● **Exercise directions**: Below, some lines carry pictures; leave those pictures out and retype exactly the lines from the one with "Mueble comedor en" through the one with "Description: | Fragment".

**** Records to process

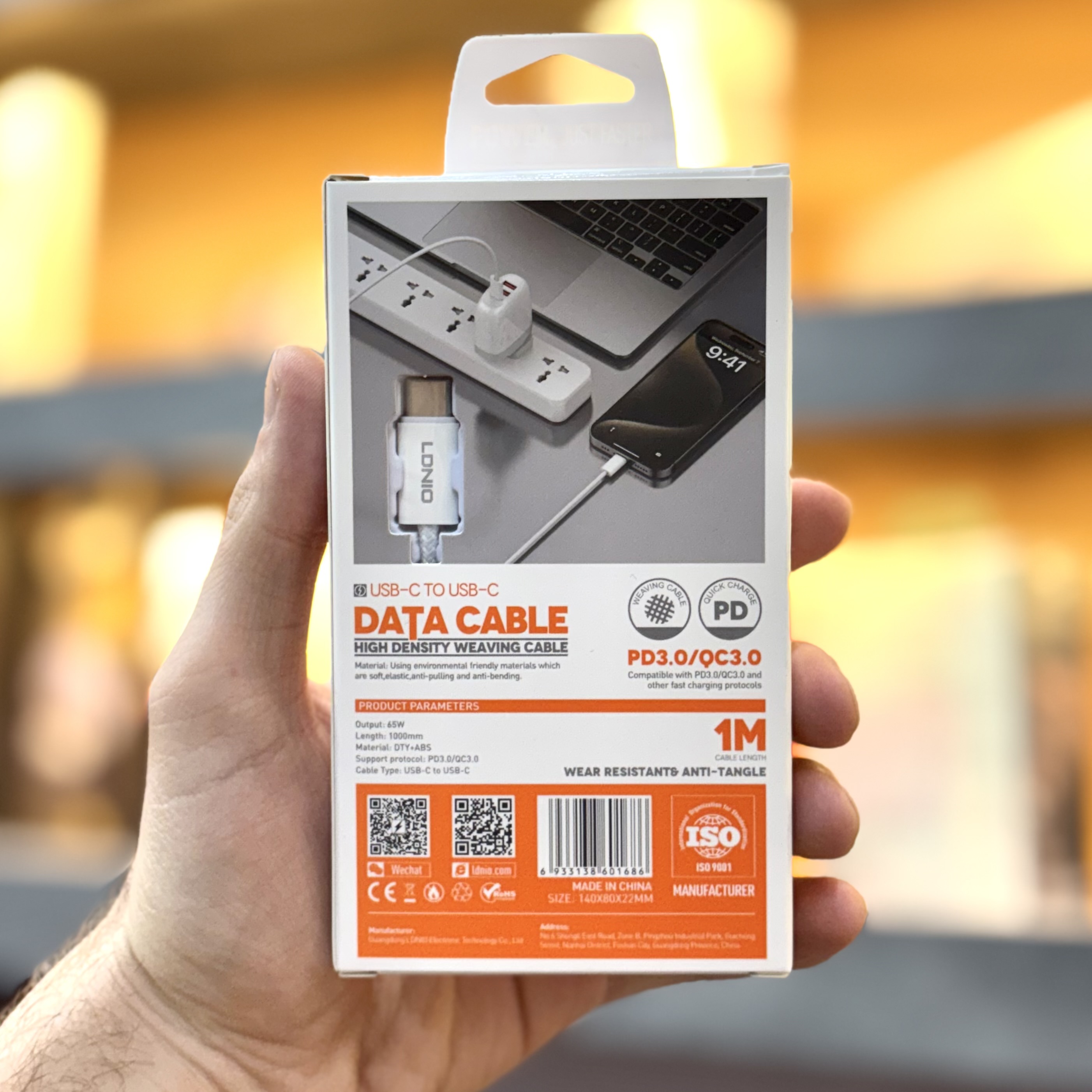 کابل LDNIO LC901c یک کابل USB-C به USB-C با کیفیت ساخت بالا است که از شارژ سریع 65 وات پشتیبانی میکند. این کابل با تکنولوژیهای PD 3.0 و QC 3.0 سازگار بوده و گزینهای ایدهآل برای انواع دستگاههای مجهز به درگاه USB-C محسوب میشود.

********
**** Records to process

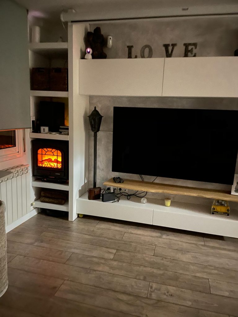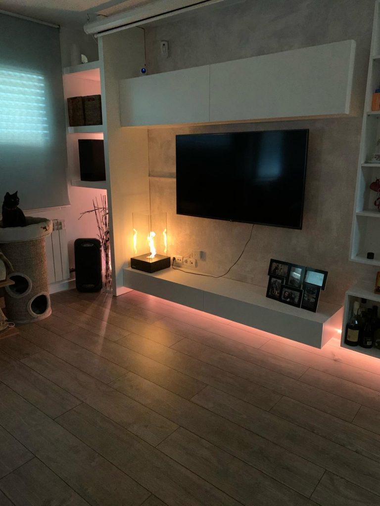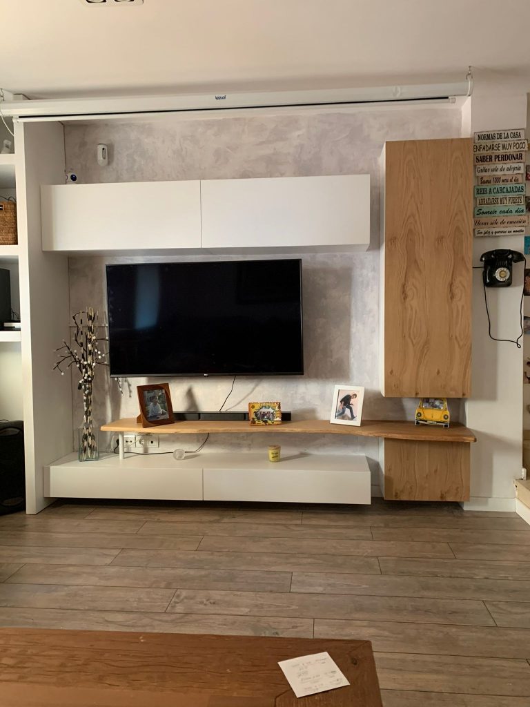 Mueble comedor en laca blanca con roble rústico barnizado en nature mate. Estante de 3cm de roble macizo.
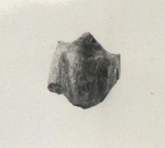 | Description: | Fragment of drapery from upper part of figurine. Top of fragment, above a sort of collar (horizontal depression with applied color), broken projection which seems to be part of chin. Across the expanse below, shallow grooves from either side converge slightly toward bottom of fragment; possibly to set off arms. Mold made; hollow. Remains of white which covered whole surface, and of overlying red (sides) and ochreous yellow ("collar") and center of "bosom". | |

********
**** Records to process

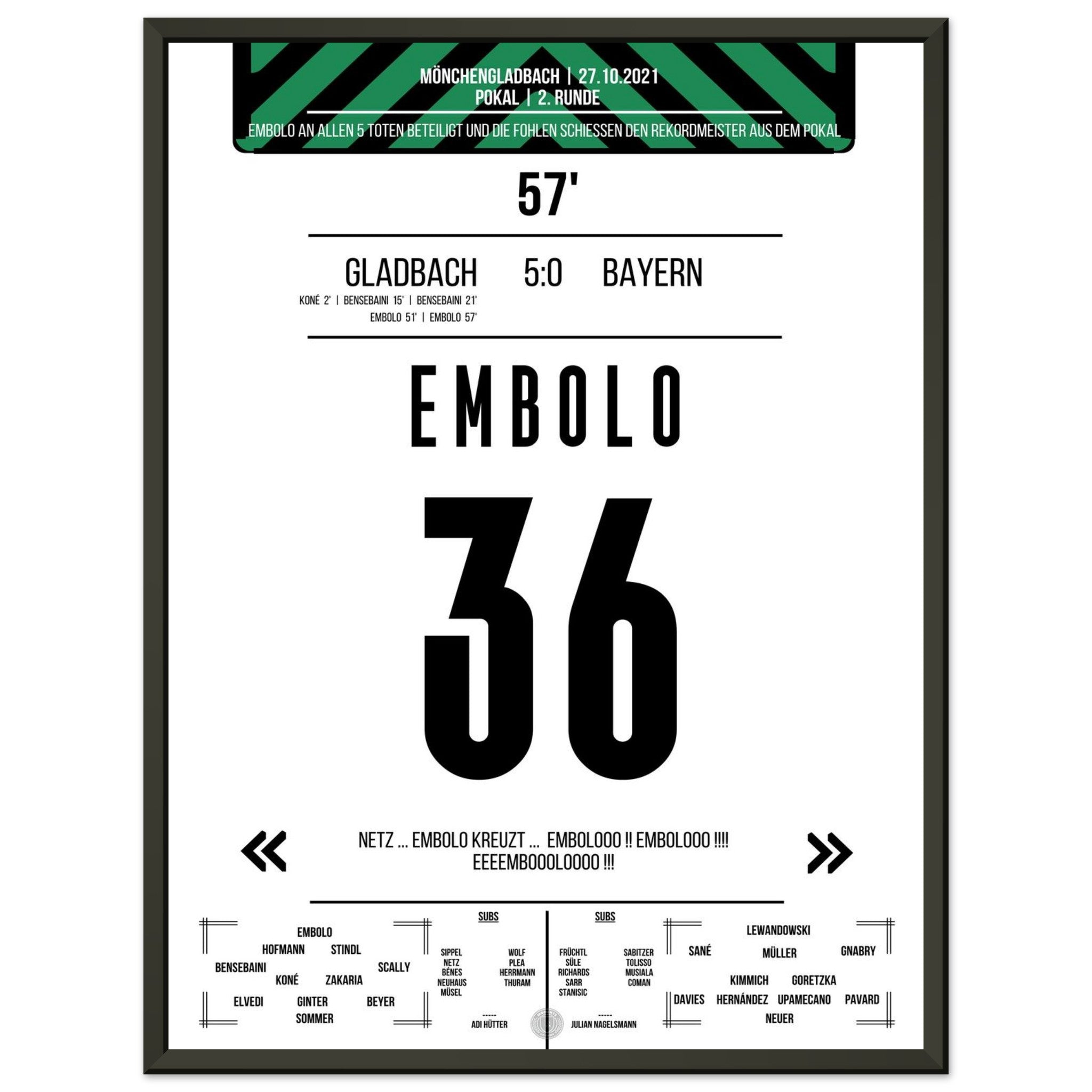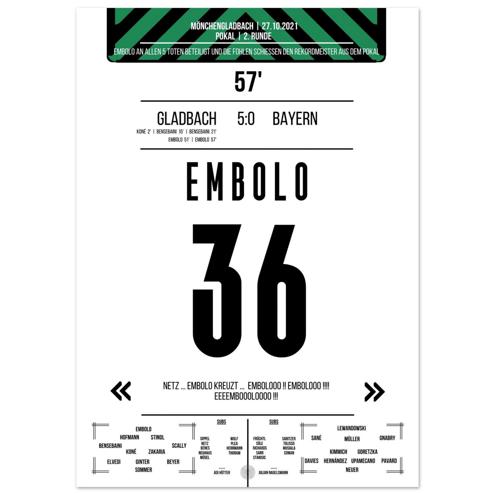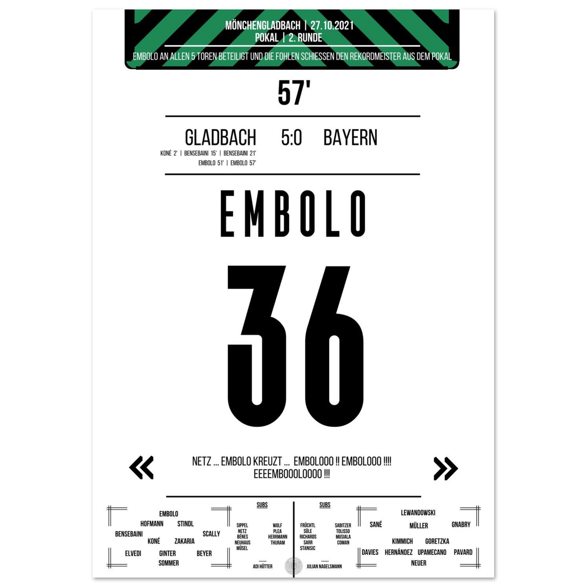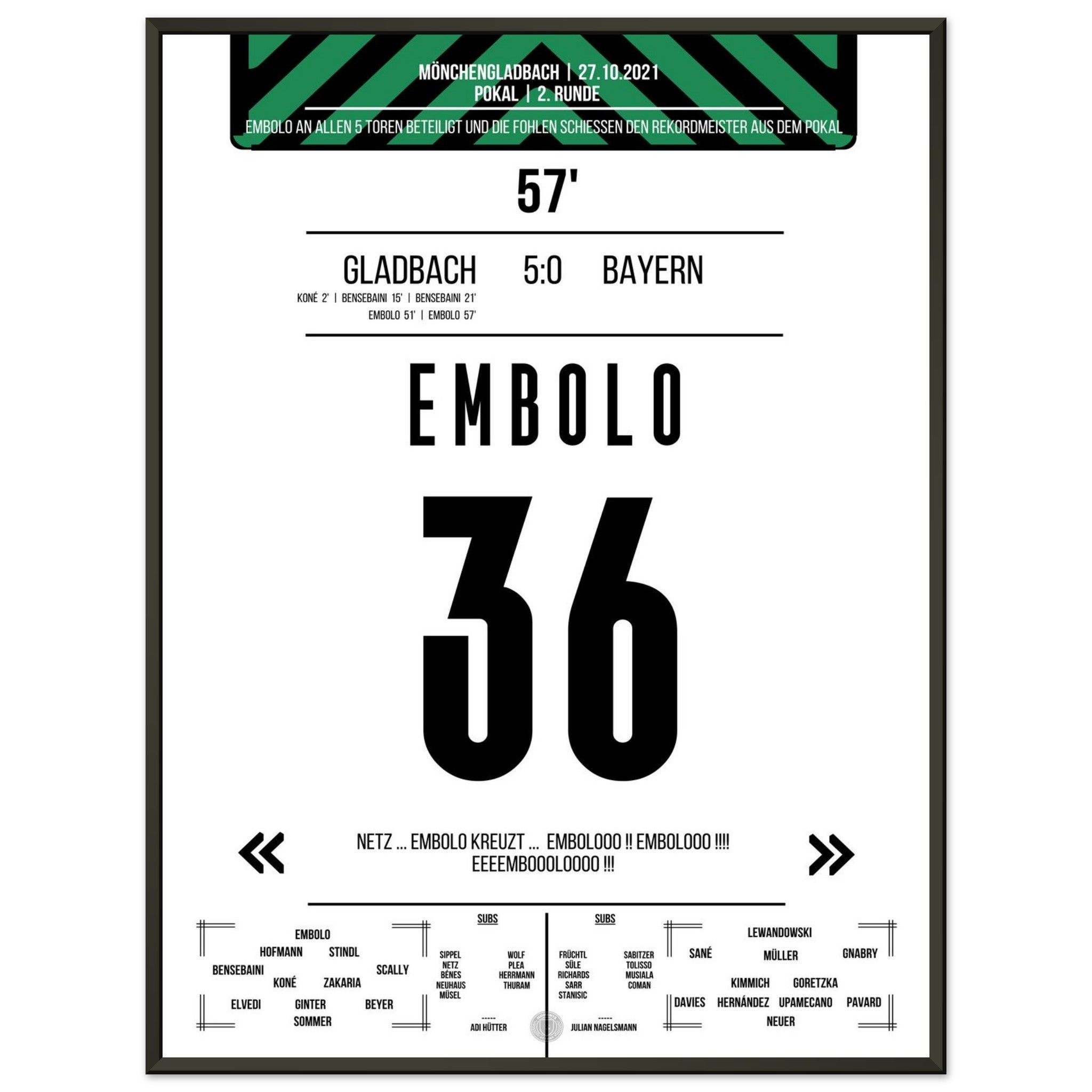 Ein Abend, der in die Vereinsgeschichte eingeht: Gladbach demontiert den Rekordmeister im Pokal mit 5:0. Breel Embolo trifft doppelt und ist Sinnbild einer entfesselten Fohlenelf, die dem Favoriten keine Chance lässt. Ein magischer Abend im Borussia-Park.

********

● **Written answer**:
 Mueble comedor en laca blanca con roble rústico barnizado en nature mate. Estante de 3cm de roble macizo.
 | Description: | Fragment of drapery from upper part of figurine. Top of fragment, above a sort of collar (horizontal depression with applied color), broken projection which seems to be part of chin. Across the expanse below, shallow grooves from either side converge slightly toward bottom of fragment; possibly to set off arms. Mold made; hollow. Remains of white which covered whole surface, and of overlying red (sides) and ochreous yellow ("collar") and center of "bosom". | |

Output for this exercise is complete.